電子決済サービス大手の米CyberCashが米国時間3月2日に,米連邦破産法の適用を申請すると発表した。

 これに伴い,すでに発表している決済関連のコンサルティング企業である米Network 1 Financialを買収・合併する計画を撤回し,Network 1社にCyberCash社の資産を売却することで両社が合意した。両社が同日明らかにしたもの。両社は,4月の初めまでに売買手続きを完了する予定である。

 Network 1社は,クレジット・カードや電子送金などによる決済の導入支援サービスなどを小売業に対して提供している未公開のコンサルティング会社。実店舗とオンライン販売サイトの両方に決済サービスを提供できるのが同社サービスの特徴である。2000年の売上高は2360万ドル。

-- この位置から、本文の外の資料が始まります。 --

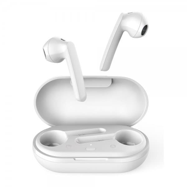 Trådløse bønneformede ørepropper i hvit farge og utstyrt med touchkontroll. De gjør det enkelt å lytte til alle enhetene dine og kobler automatisk til så snart de er parkoblet.
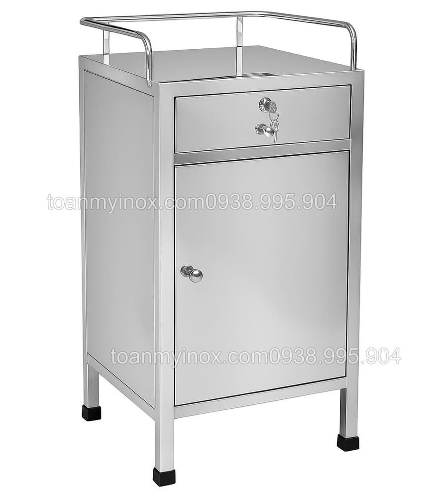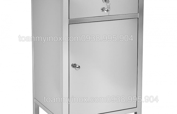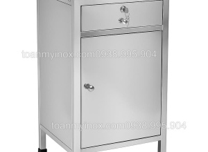 Tủ inox y tế đầu giường được sử dụng trong bệnh viện, phòng khám và cơ sở y tế, giúp cất giữ thuốc, dụng cụ y tế hoặc vật dụng cá nhân cho bệnh nhân. Tủ được sản xuất từ inox dành riêng cho môi trường y tế, kháng khuẩn, hạn chế bám bẩn và dễ lau chùi, đáp ứng tiêu chuẩn vệ sinh nghiêm ngặt. Thiết kế nhỏ gọn gồm 1 ngăn kéo phía trên, 1 khoang chứa có cánh mở bên dưới và mặt tủ phẳng tiện đặt thiết bị y tế. Các chi tiết được gia công tỉ mỉ, bo tròn góc cạnh, bản lề và tay nắm inox chắc chắn, sử dụng êm ái. Sản phẩm bền bỉ, thẩm mỹ, phù hợp cho mọi không gian y tế, giúp quản lý vật dụng ngăn nắp, an toàn và tiện lợi.
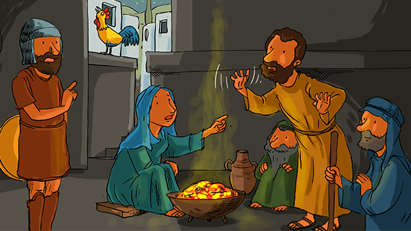Dans les Évangiles, l’exemple flagrant de ce mensonge est… celui de Pierre lui-même ! Dans la cour du grand prêtre, il se chauffe autour du brasero en essayant de suivre ce que devient Jésus arrêté et mis aux fers. Mais une servante le reconnaît. Devant le danger d’être traité comme son maître, Pierre nie avec force connaître Jésus. Et il en rajoute : « Il se mit à protester violemment et à jurer : “Je ne connais pas cet homme.” Et aussitôt un coq chanta » (Mt 26,74).
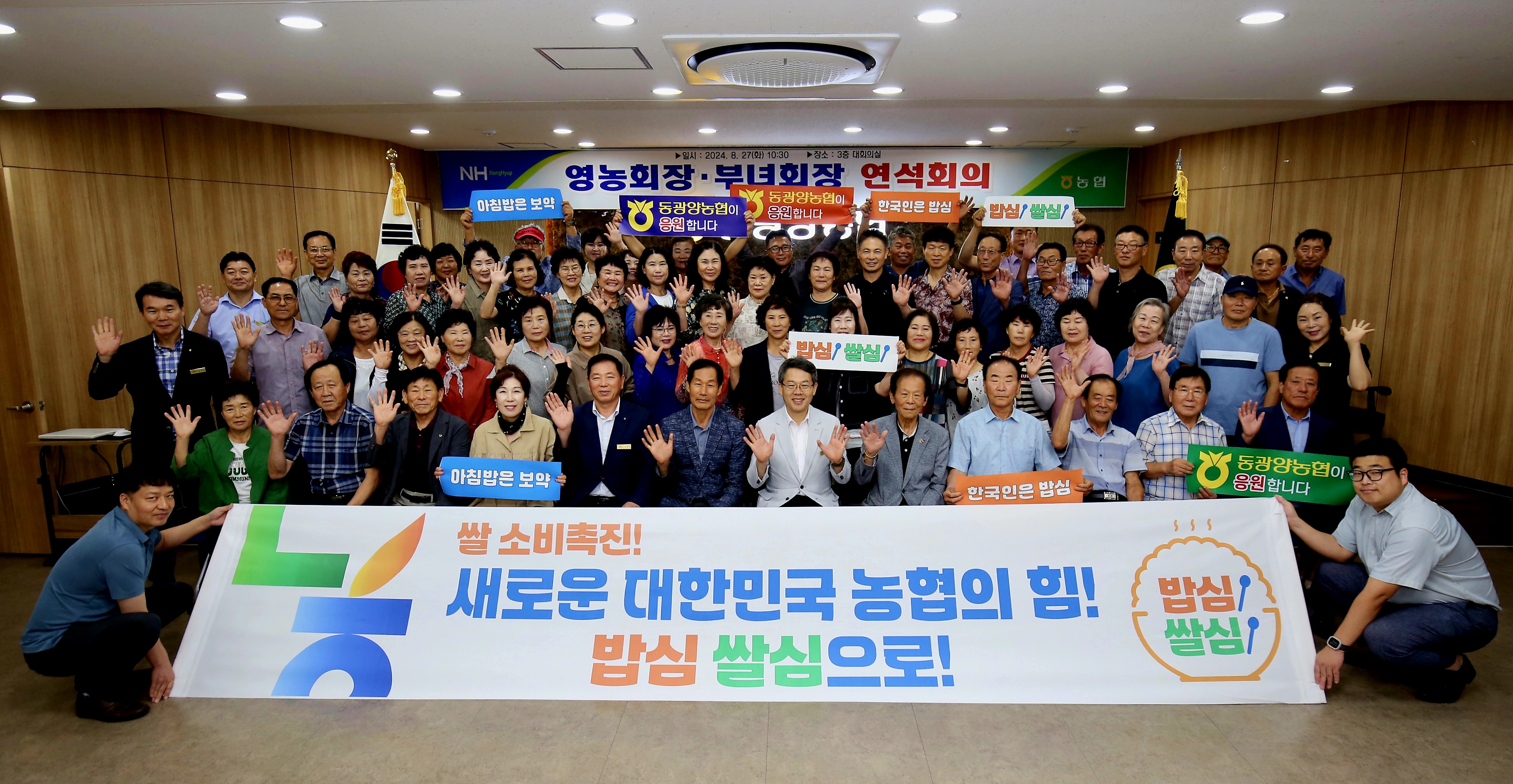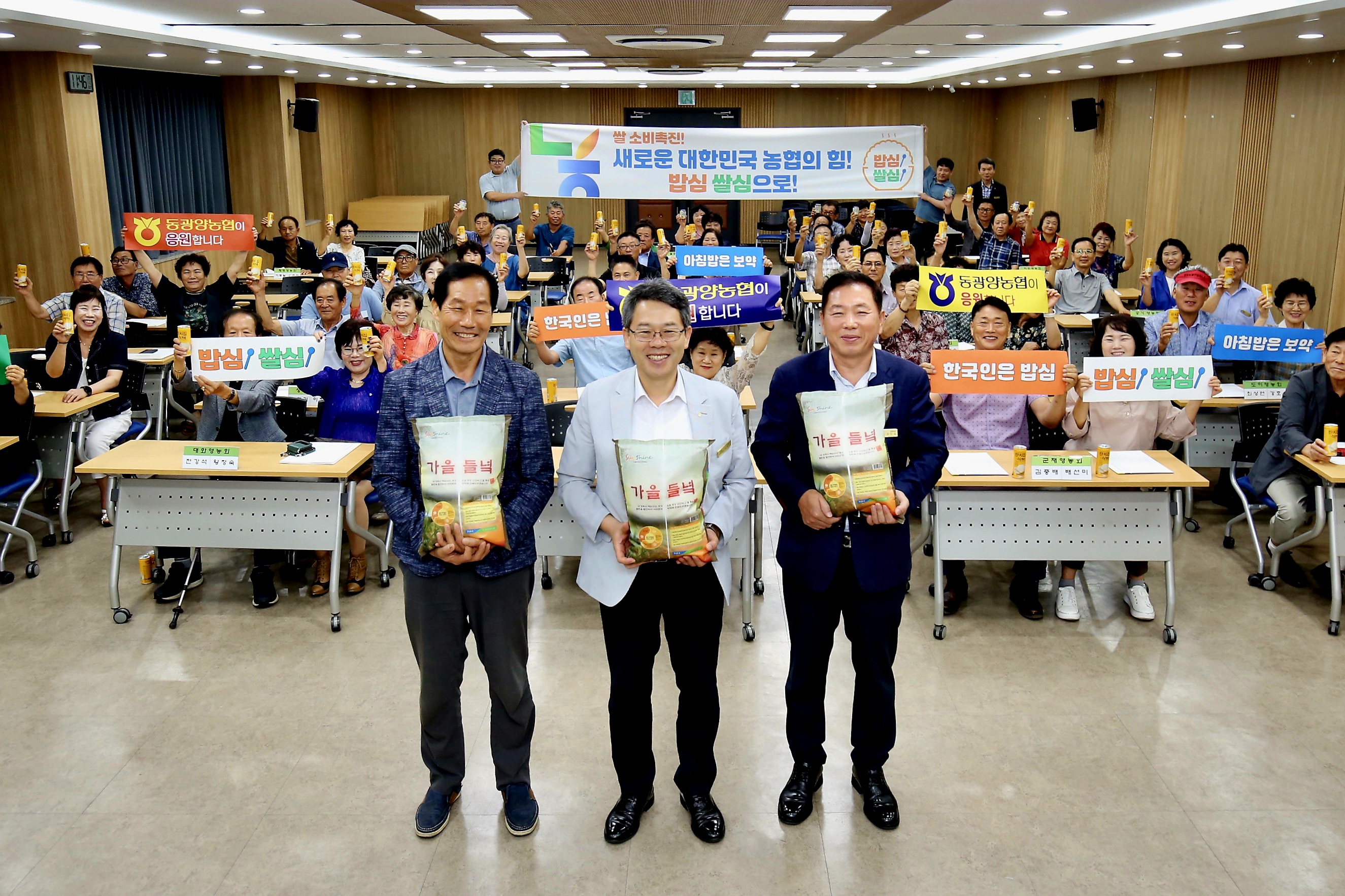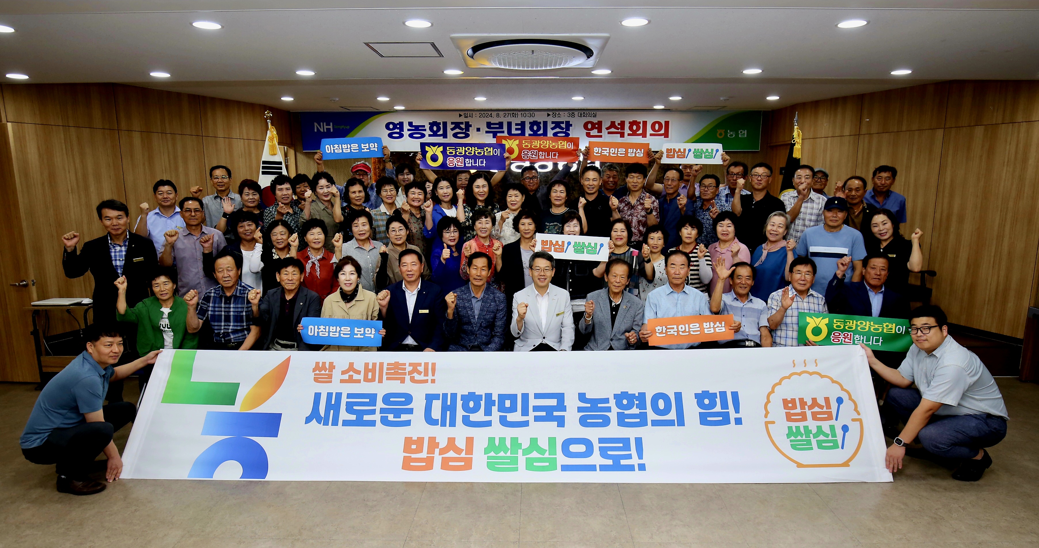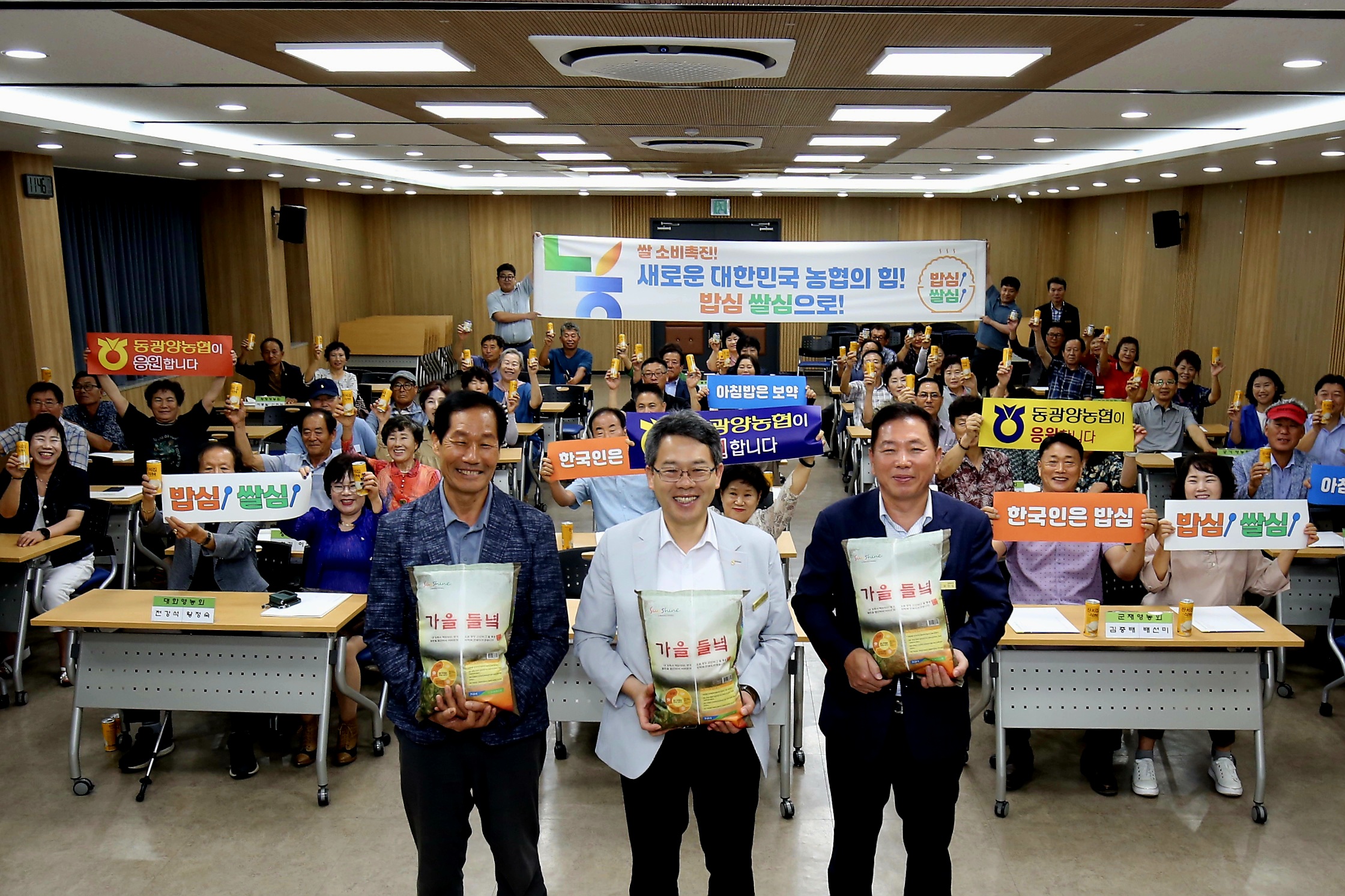 동광양농협(조합장 이돈성)이 27일 본점 3층 대회의실에서 임직원과 영농회장, 부녀회장 70여명이 쌀 소비 촉진을 위한 ‘밥심! 쌀심! 아침밥 먹기’ 캠페인을 진행했다.

 CyberCash社は12月14日(米国時間)に,株式交換によりNetwork 1社を買収して両社の事業を統合,「決済手数料収入を増やし,売上高と現金収支の両面で財務体質を改善する」との計画を発表していた。買収金額は4500万ドルだった。

 2月1日にCyberCash社が発表した同社の2000年通年決算は,純損失が9300万ドルで,1株当たり損失は3ドル67セント。前年は純損失4300万ドルで,1株当たり損失は2ドル2セント。その後同社の株価は1ドルを割り込む水準にまで下落していた。

 CyberCash社は電子商取引事業者など2万7500社の顧客と,10万人のソフトウエア・ユーザーを抱える。同社は,顧客へのサービスは継続する意向である。

 なお,CyberCash社の日本法人であるサイバーキャッシュ(本社:東京都千代田区)には,ソフトバンク・グループ,三井物産,オムロンなどが出資している。